What Global Dollar is designed to do

Global Dollar (USDG) is a fiat-backed stablecoin, currently ranked 64th by market capitalization among the assets we track. Unlike volatile crypto assets, Global Dollar targets a fixed value backed by off-chain reserves. Holders use it to park value, settle trades, and move money — its entire value proposition is that it does not move.

Global Dollar (USDG) is a digital currency designed to provide a stable and secure means of value transfer, aiming to bridge traditional finance and the blockchain ecosystem. It seeks to enhance financial inclusion and improve transaction efficiency.

How the peg is meant to hold

The mechanism is straightforward in theory — one token, one unit of reserve — but it depends entirely on the issuer actually holding and honoring those reserves. Attestation quality is therefore the core risk.

Background & fundamentals

The project publishes a whitepaper documenting its original design, which is worth reading before sizing any position in USDG. In sector terms it is most often filed under Solana (SOL) Token and Stablecoin.

Where Global Dollar sits in the market

With USDG near $1.00, Global Dollar carries a market capitalization of $675.90M. Around $6.77M changes hands across exchanges in a typical 24-hour window. That is a turnover of about 1.00% of the float — on the quieter side, which can mean thinner liquidity for large orders.

Global Dollar carries no fixed maximum supply; issuance follows a programmatic schedule rather than a hard cap. At the current $1.00, USDG sits essentially at its record high — the riskier end of the range for fresh entries.

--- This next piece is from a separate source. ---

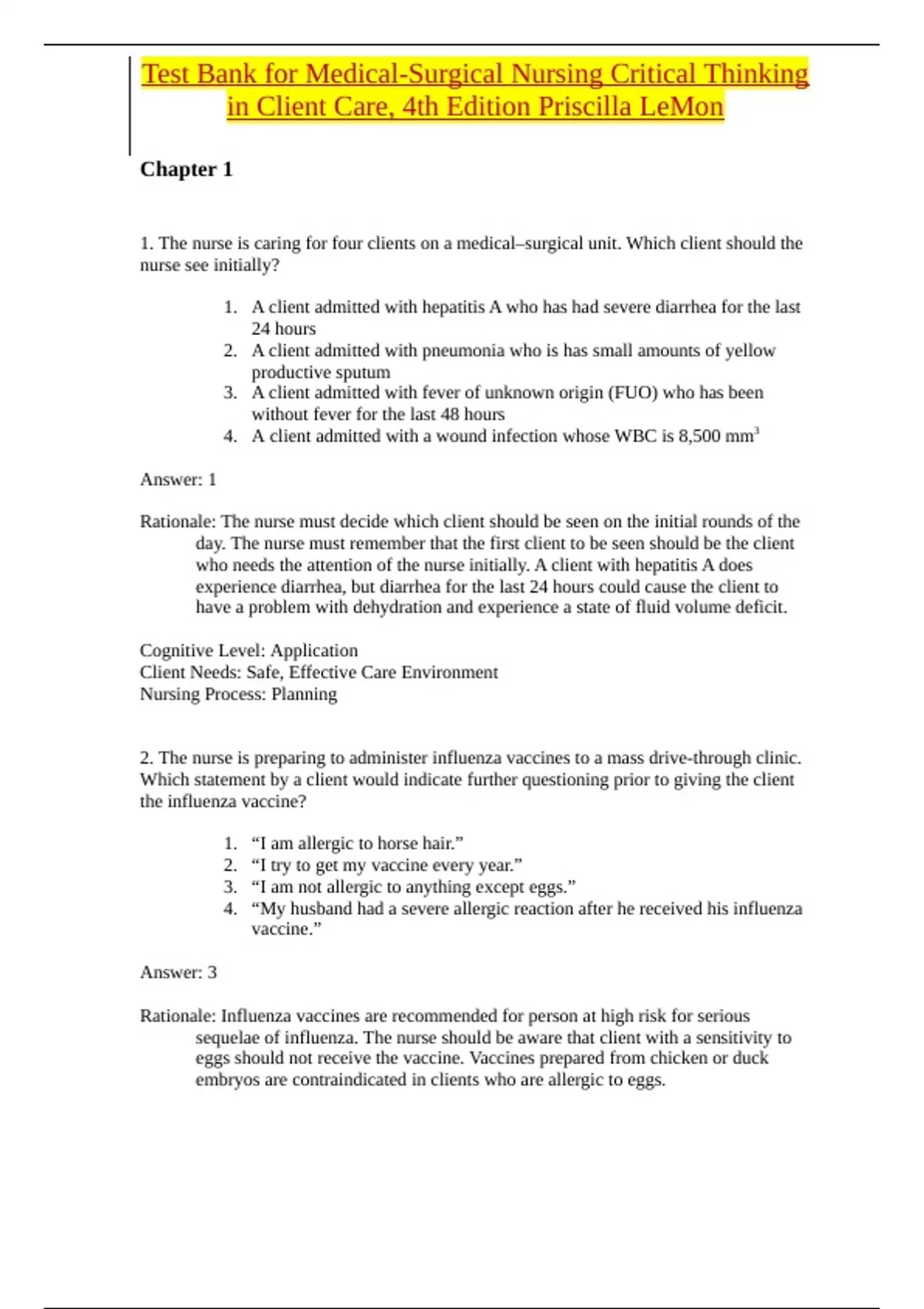 Chapter 1 1. The nurse is caring for four clients on a medical–surgical unit. Which client should the nurse see initially? 1. A client admitted with hepatitis A who has had severe diarrhea for the last 24 hours 2. A client admitted with pneumonia who is has small amounts of yellow productive sputum 3. A client admitted with fever of unknown origin (FUO) who has been without fever for the last 48 hours 4. A client admitted with a wound infection whose WBC is 8,500 mm3 Answer: 1 Rationale: The nurse must decide which client should be seen on the initial rounds of the day. The nurse must remember that the first client to be seen should be the client who needs the attention of the nurse initially. A client with hepatitis A does experience diarrhea, but diarrhea for the last 24 hours could cause the client to have a problem with dehydration and experience a state of fluid volume deficit. Cognitive Level: Application Client Needs: Safe, Effective Care Environment Nursing Process: Planning 2. The nurse is preparing to administer influenza vaccines to a mass drive-through clinic. Which statement by a client would indicate further questioning prior to giving the client the influenza vaccine? 1. “I am allergic to horse hair.” 2. “I try to get my vaccine every year.” 3. “I am not allergic to anything except eggs.” 4. “My husband had a severe allergic reaction after he received his influenza vaccine.” Answer: 3 Rationale: Influenza vaccines are recommended for person at high risk for serious sequelae of influenza. The nurse should be aware that client with a sensitivity to eggs should not receive the vaccine. Vaccines prepared from chicken or duck embryos are contraindicated in clients who are allergic to eggs.

What the price history shows

Recent moves read 7-day +0.04%. Within its 366-day range, USDG sits around the middle (the 38th percentile of recent daily closes).

Volatility profile

Recent action puts Global Dollar in the Low-volatility band — it has been relatively stable, with moves typical of large-cap, mature assets.

How to evaluate a stablecoin like Global Dollar

A grounded read on USDG comes down to three questions:

  • Reserve quality — what backs USDG — cash and short Treasuries are safer than commercial paper or crypto collateral — and who attests to it.
  • Redemption access — whether holders can actually redeem at par, and how quickly, under stress.
  • Regulatory standing — the issuer's jurisdiction and licensing, which increasingly determines which stablecoins survive at scale.

This page pulls live market data, on-chain stats where available, exchange-by-exchange volume, and our forecast model into one view so you can work through those questions in a single place. None of it is investment advice — it is a structured starting point for your own research.